WHAT THE TASK REQUIRES
Give back, word for word, the lines in the listing below from the one holding "Juego de placa" down to the one holding "Military style belt", both ends included.

EXCERPTED RECORDS

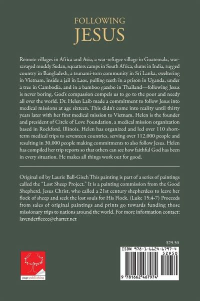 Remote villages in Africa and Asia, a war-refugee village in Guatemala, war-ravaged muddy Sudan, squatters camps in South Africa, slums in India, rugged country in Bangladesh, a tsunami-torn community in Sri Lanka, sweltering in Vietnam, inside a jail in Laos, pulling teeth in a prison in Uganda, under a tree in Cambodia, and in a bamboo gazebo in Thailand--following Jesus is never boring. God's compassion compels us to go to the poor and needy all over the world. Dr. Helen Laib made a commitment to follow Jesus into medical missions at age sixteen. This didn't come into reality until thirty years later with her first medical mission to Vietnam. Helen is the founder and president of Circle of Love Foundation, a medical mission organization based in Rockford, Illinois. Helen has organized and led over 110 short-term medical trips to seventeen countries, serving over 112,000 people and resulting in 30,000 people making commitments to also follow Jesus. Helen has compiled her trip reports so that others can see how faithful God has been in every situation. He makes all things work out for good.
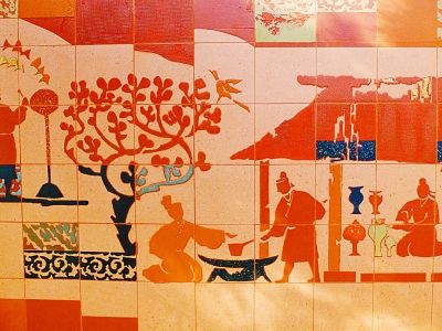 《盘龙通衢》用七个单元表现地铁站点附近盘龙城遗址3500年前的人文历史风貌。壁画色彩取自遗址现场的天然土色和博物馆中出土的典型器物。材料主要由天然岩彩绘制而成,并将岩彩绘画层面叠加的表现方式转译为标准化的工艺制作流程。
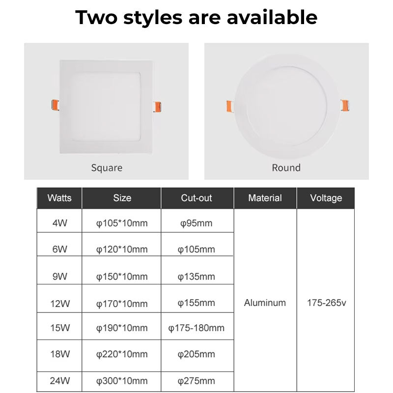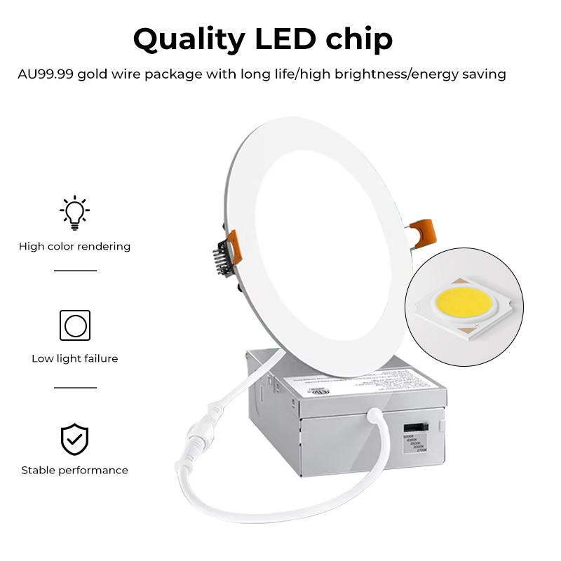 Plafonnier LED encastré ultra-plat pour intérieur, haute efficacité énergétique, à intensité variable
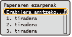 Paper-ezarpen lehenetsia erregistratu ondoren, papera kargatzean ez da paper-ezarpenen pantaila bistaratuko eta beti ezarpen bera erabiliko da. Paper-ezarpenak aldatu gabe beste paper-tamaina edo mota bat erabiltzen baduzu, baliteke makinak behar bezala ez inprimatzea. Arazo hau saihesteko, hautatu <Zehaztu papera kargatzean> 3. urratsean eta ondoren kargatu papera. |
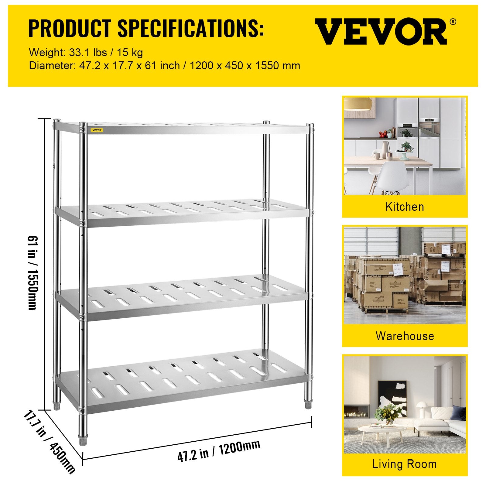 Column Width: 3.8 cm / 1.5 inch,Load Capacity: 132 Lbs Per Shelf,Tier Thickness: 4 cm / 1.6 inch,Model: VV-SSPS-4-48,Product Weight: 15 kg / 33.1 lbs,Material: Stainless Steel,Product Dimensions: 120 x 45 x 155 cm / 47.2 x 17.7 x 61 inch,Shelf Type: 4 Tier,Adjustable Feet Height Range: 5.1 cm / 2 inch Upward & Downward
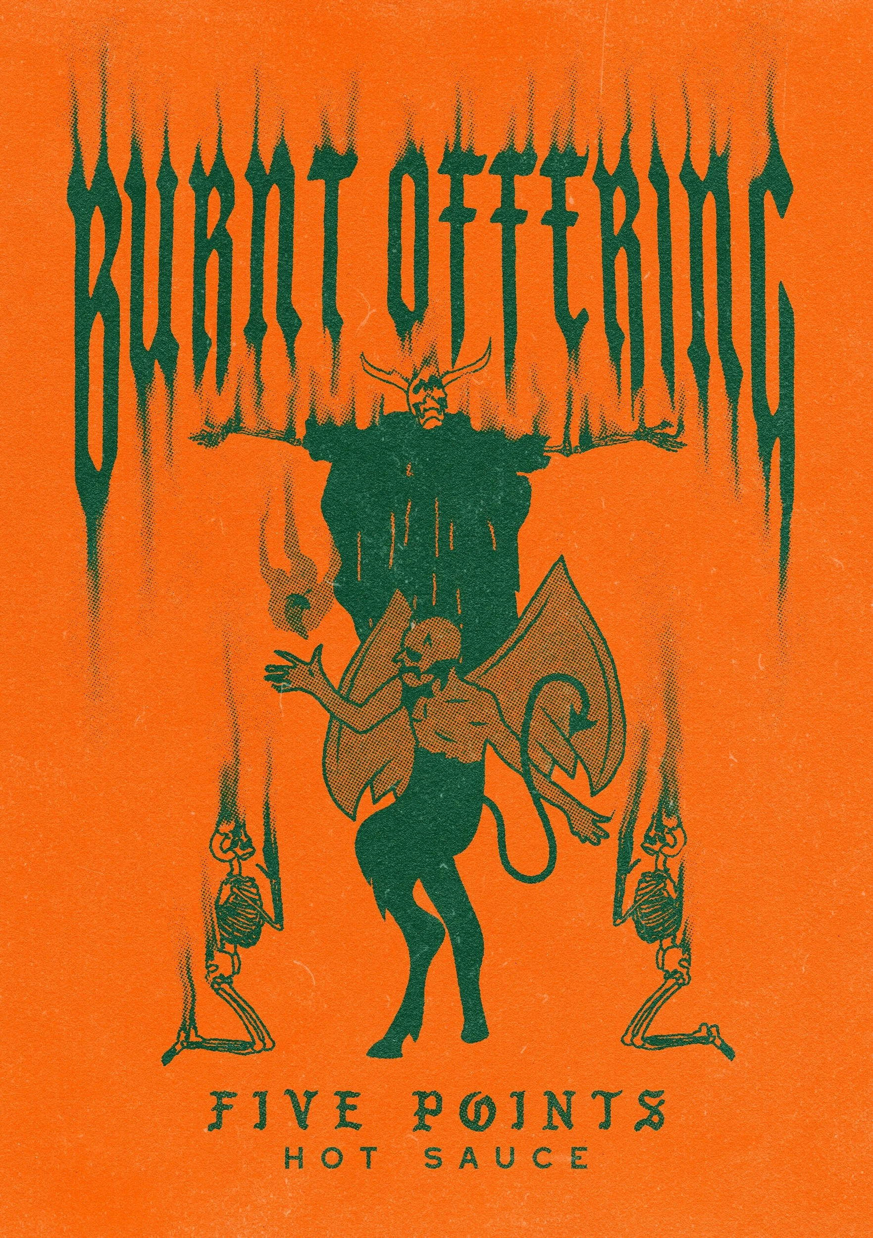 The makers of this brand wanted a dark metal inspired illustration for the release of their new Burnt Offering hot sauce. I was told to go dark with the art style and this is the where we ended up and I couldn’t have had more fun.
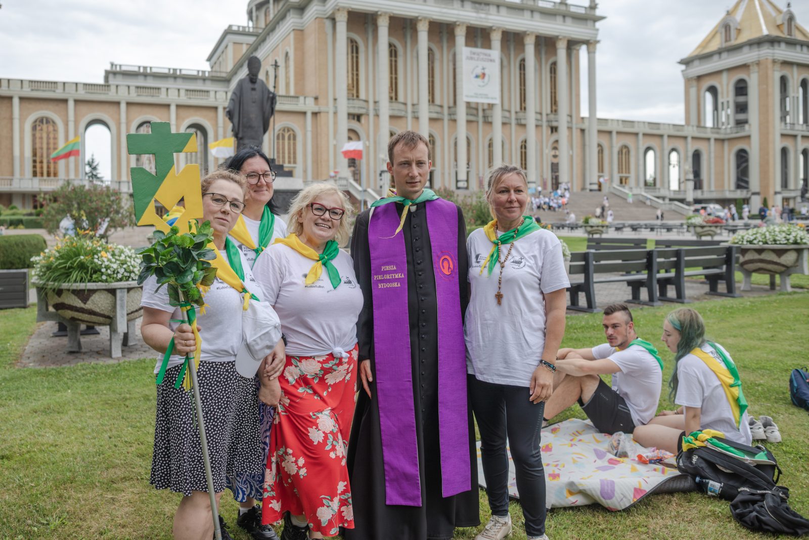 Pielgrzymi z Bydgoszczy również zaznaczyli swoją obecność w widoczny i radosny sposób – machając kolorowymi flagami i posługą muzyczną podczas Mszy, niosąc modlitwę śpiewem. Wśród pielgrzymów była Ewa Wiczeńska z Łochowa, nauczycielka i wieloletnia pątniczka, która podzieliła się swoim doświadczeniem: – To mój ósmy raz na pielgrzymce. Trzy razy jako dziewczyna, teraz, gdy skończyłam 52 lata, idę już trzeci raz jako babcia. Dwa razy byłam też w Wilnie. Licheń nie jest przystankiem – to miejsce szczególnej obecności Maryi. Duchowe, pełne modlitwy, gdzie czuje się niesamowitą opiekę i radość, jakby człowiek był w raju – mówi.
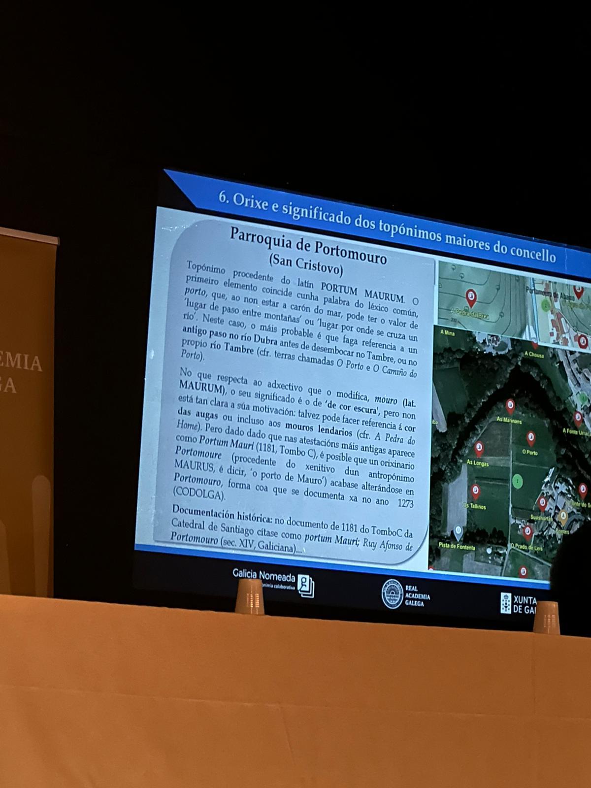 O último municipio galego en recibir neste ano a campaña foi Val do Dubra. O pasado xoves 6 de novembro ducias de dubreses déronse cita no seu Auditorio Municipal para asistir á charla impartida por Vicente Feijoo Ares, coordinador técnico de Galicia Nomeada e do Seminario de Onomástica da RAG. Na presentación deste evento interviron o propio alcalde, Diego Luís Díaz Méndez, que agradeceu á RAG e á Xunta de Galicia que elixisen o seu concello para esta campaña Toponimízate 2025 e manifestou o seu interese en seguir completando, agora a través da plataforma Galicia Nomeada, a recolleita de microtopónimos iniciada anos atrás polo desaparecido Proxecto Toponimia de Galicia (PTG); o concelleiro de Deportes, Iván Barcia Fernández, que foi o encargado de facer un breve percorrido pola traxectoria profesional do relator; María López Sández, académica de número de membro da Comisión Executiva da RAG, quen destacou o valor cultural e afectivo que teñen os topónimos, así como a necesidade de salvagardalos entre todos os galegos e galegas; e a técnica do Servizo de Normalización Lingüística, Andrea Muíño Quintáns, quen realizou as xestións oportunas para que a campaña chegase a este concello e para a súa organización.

* * *

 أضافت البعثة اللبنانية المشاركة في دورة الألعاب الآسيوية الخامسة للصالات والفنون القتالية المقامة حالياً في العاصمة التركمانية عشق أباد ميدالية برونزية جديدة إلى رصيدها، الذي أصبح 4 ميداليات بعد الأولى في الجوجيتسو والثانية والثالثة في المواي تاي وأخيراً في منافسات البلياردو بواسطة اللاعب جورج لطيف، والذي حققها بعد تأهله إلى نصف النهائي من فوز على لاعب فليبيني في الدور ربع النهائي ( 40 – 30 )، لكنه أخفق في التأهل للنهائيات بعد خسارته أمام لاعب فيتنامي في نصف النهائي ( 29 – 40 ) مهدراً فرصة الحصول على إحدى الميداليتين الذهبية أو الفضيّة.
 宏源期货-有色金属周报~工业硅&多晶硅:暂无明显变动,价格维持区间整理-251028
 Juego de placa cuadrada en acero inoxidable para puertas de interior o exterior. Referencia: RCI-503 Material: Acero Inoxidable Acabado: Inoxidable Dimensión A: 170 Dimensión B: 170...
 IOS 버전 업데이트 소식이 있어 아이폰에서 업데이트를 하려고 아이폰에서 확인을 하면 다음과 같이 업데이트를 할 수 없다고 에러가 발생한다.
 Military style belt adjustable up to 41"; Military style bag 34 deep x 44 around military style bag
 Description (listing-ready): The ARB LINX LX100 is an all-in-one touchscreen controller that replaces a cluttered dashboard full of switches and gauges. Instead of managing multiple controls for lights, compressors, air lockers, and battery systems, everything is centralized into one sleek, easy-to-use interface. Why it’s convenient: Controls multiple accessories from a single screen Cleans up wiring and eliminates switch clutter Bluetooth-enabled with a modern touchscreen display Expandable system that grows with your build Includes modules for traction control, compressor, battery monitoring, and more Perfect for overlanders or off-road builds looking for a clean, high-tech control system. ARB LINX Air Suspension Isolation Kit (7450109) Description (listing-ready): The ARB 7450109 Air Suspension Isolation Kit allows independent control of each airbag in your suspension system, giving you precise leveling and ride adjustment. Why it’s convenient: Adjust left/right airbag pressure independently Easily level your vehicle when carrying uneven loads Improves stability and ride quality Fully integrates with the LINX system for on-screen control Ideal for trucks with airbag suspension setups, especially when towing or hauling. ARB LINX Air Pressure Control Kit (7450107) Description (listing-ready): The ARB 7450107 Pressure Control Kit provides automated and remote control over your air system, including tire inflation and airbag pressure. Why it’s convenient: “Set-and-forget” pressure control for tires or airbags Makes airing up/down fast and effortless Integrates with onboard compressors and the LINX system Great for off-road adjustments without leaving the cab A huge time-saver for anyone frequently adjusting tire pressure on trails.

ANSWER FOR THIS EXERCISE
 Juego de placa cuadrada en acero inoxidable para puertas de interior o exterior. Referencia: RCI-503 Material: Acero Inoxidable Acabado: Inoxidable Dimensión A: 170 Dimensión B: 170...
 IOS 버전 업데이트 소식이 있어 아이폰에서 업데이트를 하려고 아이폰에서 확인을 하면 다음과 같이 업데이트를 할 수 없다고 에러가 발생한다.
 Military style belt adjustable up to 41"; Military style bag 34 deep x 44 around military style bag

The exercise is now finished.